Author Archive: Svetlozara Lesseva

Dr. Veselin Stoyanov

Posted by Svetlozara Lesseva On March 27th, 2024

Short bio

Dr. Veselin Stoyanov is a Researcher with a track record of innovating in AI and NLP to solve real-world problems. He is currently the Head of AI at Tome building practical applications of LLMs. He was previously at Facebook AI, where he led the development of industry-standard Large LM methods such as RoBERTa, XLM-R, and MultiRay and their application to improve online experiences, e.g., reduce the prevalence of hate speech and bullying posts. He holds a Ph.D. from Cornell University and a Post-Doctoral degree from Johns Hopkins University.

Talk abstract

Large Language Models for the Real World: Explorations of Sparse, Cross-lingual Understanding and Instruction-Tuned LLM

Large language models (LLMs) have revolutionized NLP and the use of Natural Language in products. Nonetheless, there are challenges to the wide adoption of LLMs. In this talk, I will describe my explorations into addressing some of those challenges. I will cover work on sparse models addressing high computational costs, multilingual LLMs addressing the need to handle many languages, and work on instruction finetuning addressing the alignment between model outputs and human needs.

Prof. Vito Pirrelli

Posted by Svetlozara Lesseva On February 29th, 2024

Short bio

Prof. Vito Pirrelli is Research manager at the National Research Council Institute for Computational Linguistics Antonio Zampolli since 2003, he is head of the Laboratory for Communication Physiology, and co-editor in chief of the Mental Lexicon and Lingue e Linguaggio. His main research interests focus on fundamental issues of language architecture and physiology, lying at the interdisciplinary crossroad of cognitive linguistics, psycholinguistics, neuroscience and information science.

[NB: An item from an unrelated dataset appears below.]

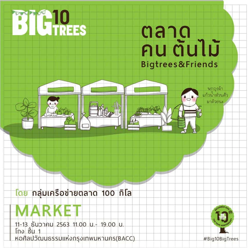 Big Trees หรือกลุ่มอนุรักษ์ต้นไม้ใหญ่ในเมืองกำลังจะมีอายุครบ 10 ปีแล้ว เทศกาลต้นไม้ใหญ่ครั้งที่ 3 นี้เลยจัดยิ่งใหญ่สักหน่อย ในงานเต็มไปด้วยกิจกรรมสนุกกับธรรมชาติ การปลูกต้นไม้ การตัดแต่งกิ่งต้นไม้ ธรรมชาติบำบัด มีเวิร์กช็อป บอร์ดเกมสิ่งแวดล้อม มีเสวนา นิทรรศการ ตลาด คน ต้นไม้ ศิลปะและดนตรี และการเปิดตัว ‘มูลนิธิรักษ์ไม้ใหญ่’ แนะนำให้กดเข้าไปดูเพจก่อน เพราะเขามีอัพเดตกิจกรรมให้ตื่นเต้นเตรียมพร้อมก่อนไปงานเรื่อยๆ เลยล่ะ

Over the last 20 years, he has been leading a data-driven research program that uses artificial neural networks, language models and information and communication technologies to investigate language as a holistic dynamic system, emerging from interrelated patterns of sensory experience, communicative and social interaction and psychological and neurobiological mechanisms. This research program went beyond the fragmentation of mainstream NLP technologies of the early 21st century, allowing innovation to come out of research labs and address societal needs. Using portable devices and cloud computing to collect ecological multimodal language data, the Comphys Lab currently offers a battery of tools, resources and protocols that support language teaching and education assessment, cultural integration and early diagnosis and intervention of language and cognitive disorders.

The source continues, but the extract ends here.